“The Lost Apps of the 80s” never went away

A response to “The Lost Apps of the 80s”.

“The Lost Apps of the 80s” never went away

A response to “The Lost Apps of the 80s”, originally published on Secure Scuttlebutt at %rweoPItwNqwpL6yM7NNph6nljjTUAWXdUkvosSJJ/o8=.sha256

Sometimes Dave Winer says smart things, though there are often strange gaps (maybe he is like Kevin Kelly, who says smart things because he has surrounded himself with smart people but generally can’t reconstruct the reasoning behind those things).

In this case, the difference between the 80s and today with regard to writing tools is sort of clear: in the 80s, most available tools for home computers either were small-computing products or (as in the case of Lotus) began as small-computing products and grew due to popularity. Small computing products are quirky because they are created by a single person or a handful of people to solve their own problems in a way that corresponds to their own workflow; as they grow, they tend to become highly customizable application platforms with reasonable defaults because expansion occurs through supporting new users with new workflows.

The browser text field, like most webtech, comes out of someone saying “this theoretical feature is something we ought to have in order to compete; let us consider abstractly what we, as developers who touch only a tiny minority of use cases, would expect the minimal feature set could be in order to satisfy all users”. In other words, a big tech mentality from the start. You get a committee together to imagine what a very distinct set of unrepresented users might want, and then the developers get a checklist of intended behaviors, some of which contradict each other. Then it gets standardized or de-facto standardized, and you get almost identically-behaving implementations in all the major browsers.

Tiny and quirky writing tools still exist, still are in use, and still are created. Vi and emacs are arguably quirky writing tools, and are widely used.
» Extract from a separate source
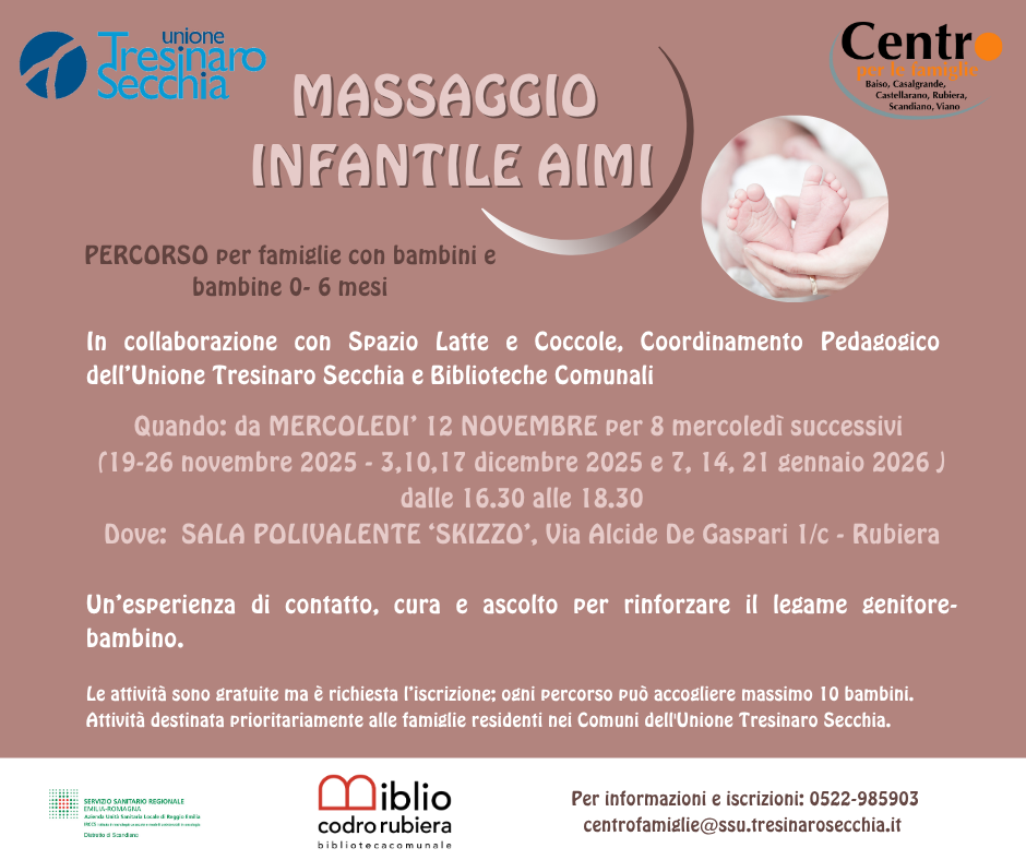 Nove incontri  a partire da mercoledì 12 novembre – e per gli 8 mercoledì successivi - dalle 16:30 alle 18:30 alla sala 'Skizzo' di Rubiera in via Alcide De Gasperi 1/b dedicati alla pratica del massaggio infantile secondo il metodo Aimi (Associazione italiana massaggio infantile) e al sostegno alla genitorialità, con momenti di confronto e condivisione tra genitori
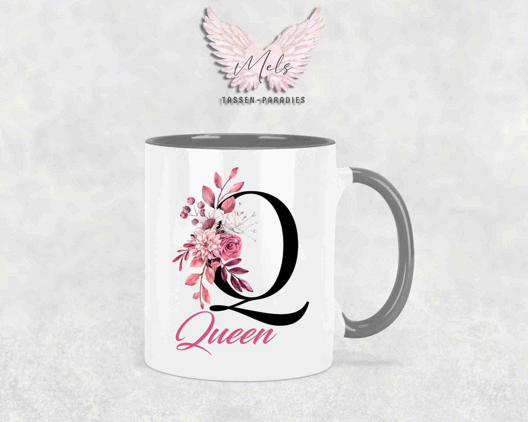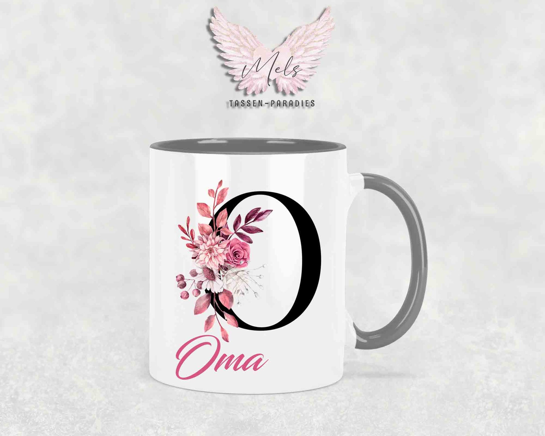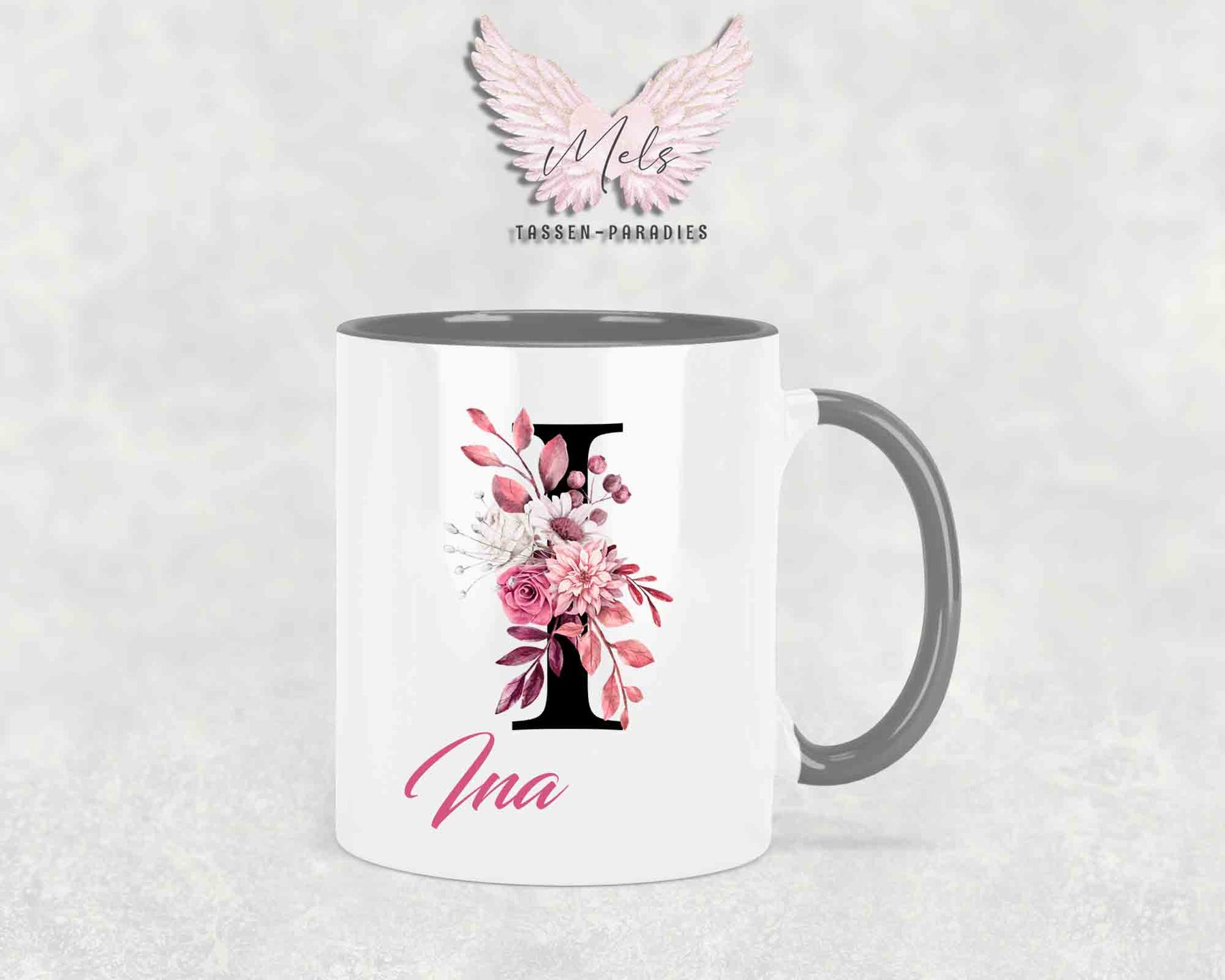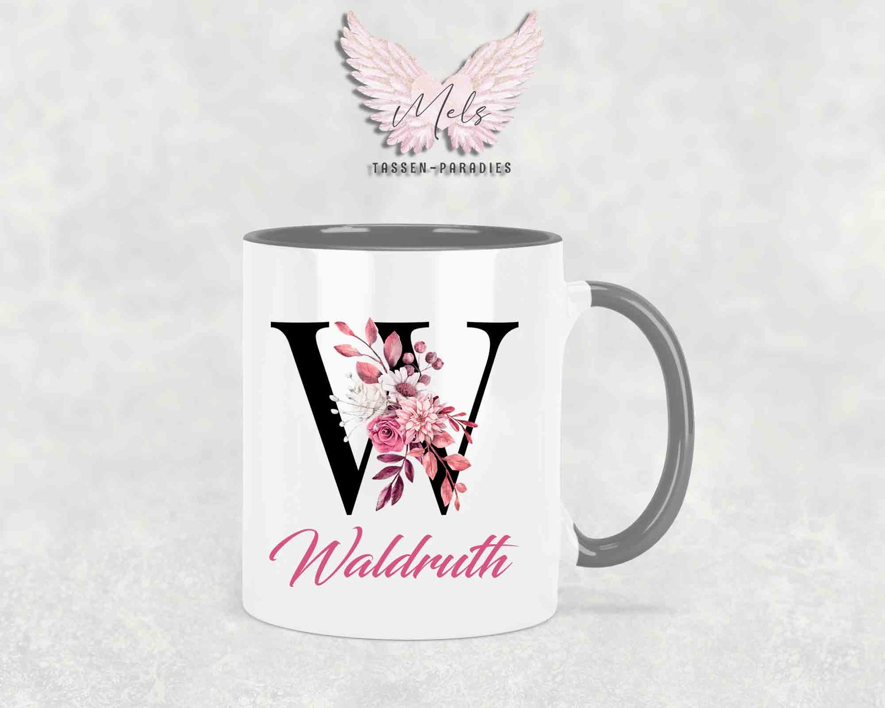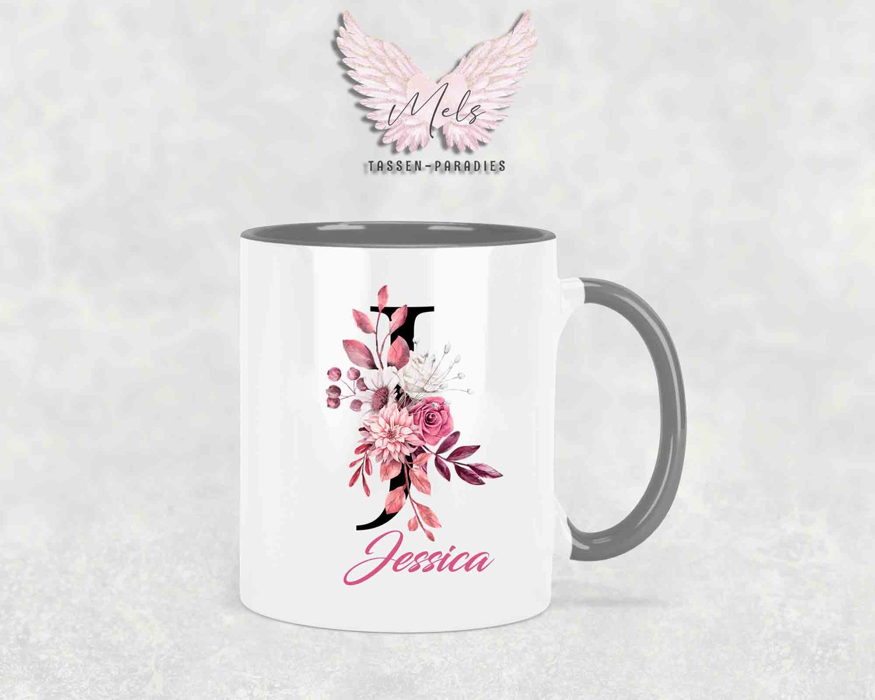 Namen mit Anfangsbuchstaben - Keramik-Tasse Grau

I wrote a specialized text editor that had support for color coding word black/whitelists, recommending the next word via markov models that could be easily swapped out (or have their probabilities reversed), rhyming dictionary and thesaurus lookup, and S+7 replacement. Robin Sloane wrote a plugin for Atom that tried to complete his sentences with char-RNN. Botnik Studios uses a specialized “keyboard” that’s really a markov-based autocomplete oriented text editor. And, of course, we have a wide variety of proprietary ‘boutique’ editors like Scrivener and Hemingway. On top of that, there remain specialized editors for proper hypertext (like Twine, which though it produces web-compatible output, really has a lot more in common with 80s hypertext-fiction editing systems like Hypercard and StorySpace).

These systems don’t get a lot of exposure because there are lowest-common-denominator systems that eat up most of the bandwidth for familiarity for most users. Word is an ascended-quirky-writing-tool that, because it became institutionally mandated, had its quirks sclerotized into standardization; it and its bug-compatible clones (Google Docs, libreoffice) are used by everyone. Completely minimal editors like notepad are everywhere too. It’s been a long time since anybody thought it was a good idea to ship a computer with a program as quirky as LotusNotes by default.

Basically, if a field has incumbents, then so long as you are deciding what to look at based on popularity, you will not see quirky fringe experiments and specialized tools. When a field is young, quirky fringe experiments and specialized tools are all that exists, but they can never grow to dominate without losing their quirk and specialization.